• Provided material:
____

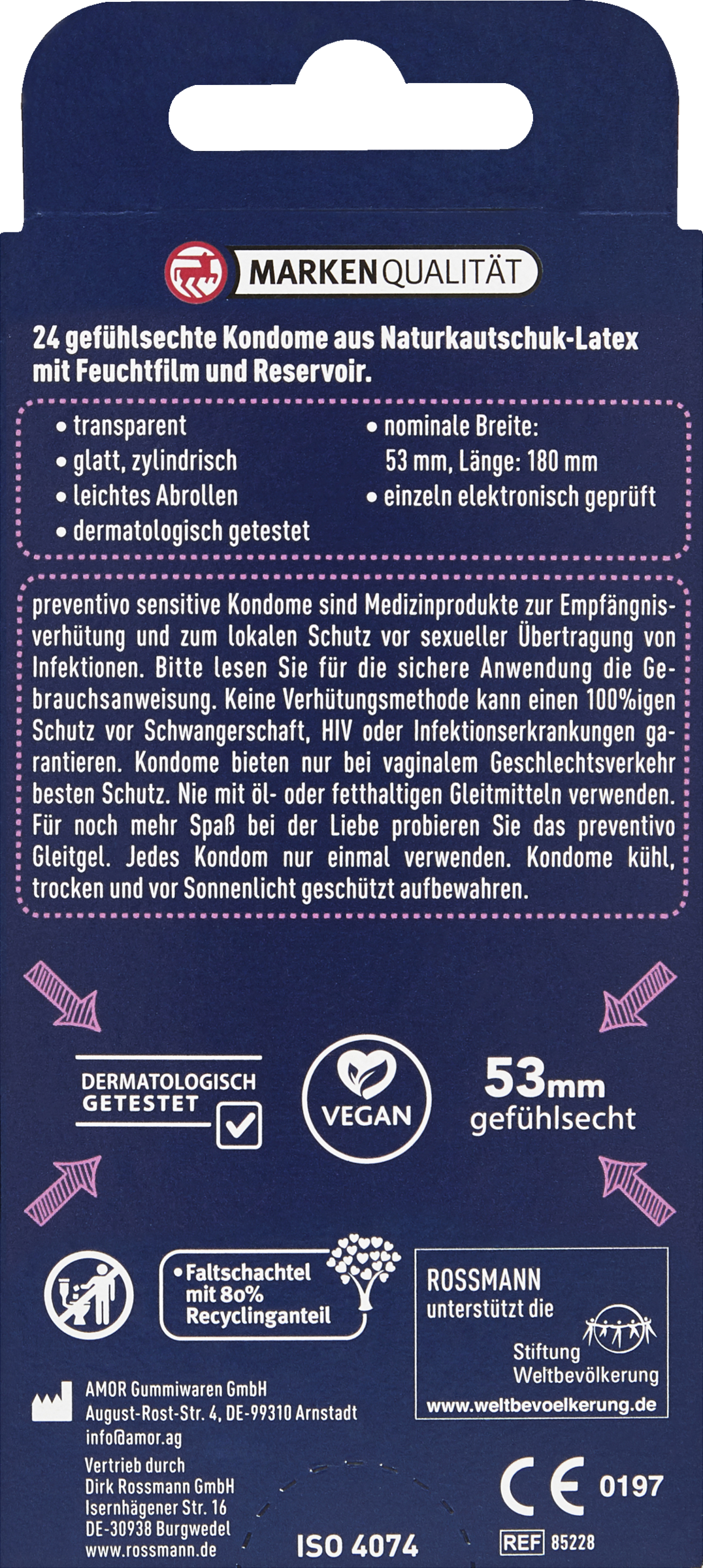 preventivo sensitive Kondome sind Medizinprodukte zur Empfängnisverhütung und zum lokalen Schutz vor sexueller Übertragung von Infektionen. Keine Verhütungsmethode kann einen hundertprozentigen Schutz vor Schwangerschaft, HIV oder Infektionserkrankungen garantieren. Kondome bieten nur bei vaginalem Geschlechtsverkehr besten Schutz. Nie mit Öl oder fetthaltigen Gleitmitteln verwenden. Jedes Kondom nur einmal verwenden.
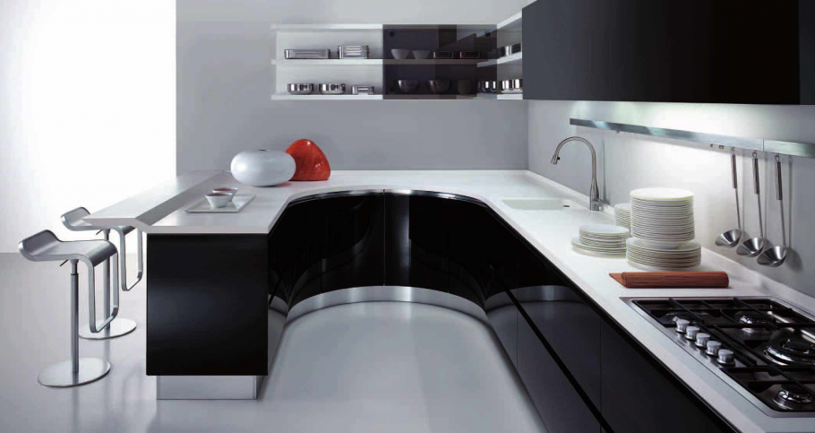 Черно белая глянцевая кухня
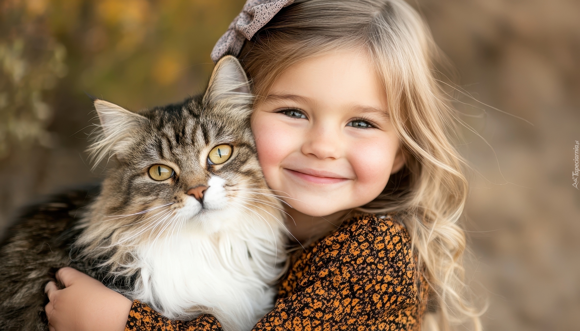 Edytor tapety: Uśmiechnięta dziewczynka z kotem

____

• Exercise description: Only the lines from the top of the data through the line with "Черно белая глянцевая кухня" should be quoted, exactly and with both ends kept; skip the pictures.

• Response:
 preventivo sensitive Kondome sind Medizinprodukte zur Empfängnisverhütung und zum lokalen Schutz vor sexueller Übertragung von Infektionen. Keine Verhütungsmethode kann einen hundertprozentigen Schutz vor Schwangerschaft, HIV oder Infektionserkrankungen garantieren. Kondome bieten nur bei vaginalem Geschlechtsverkehr besten Schutz. Nie mit Öl oder fetthaltigen Gleitmitteln verwenden. Jedes Kondom nur einmal verwenden.
 Черно белая глянцевая кухня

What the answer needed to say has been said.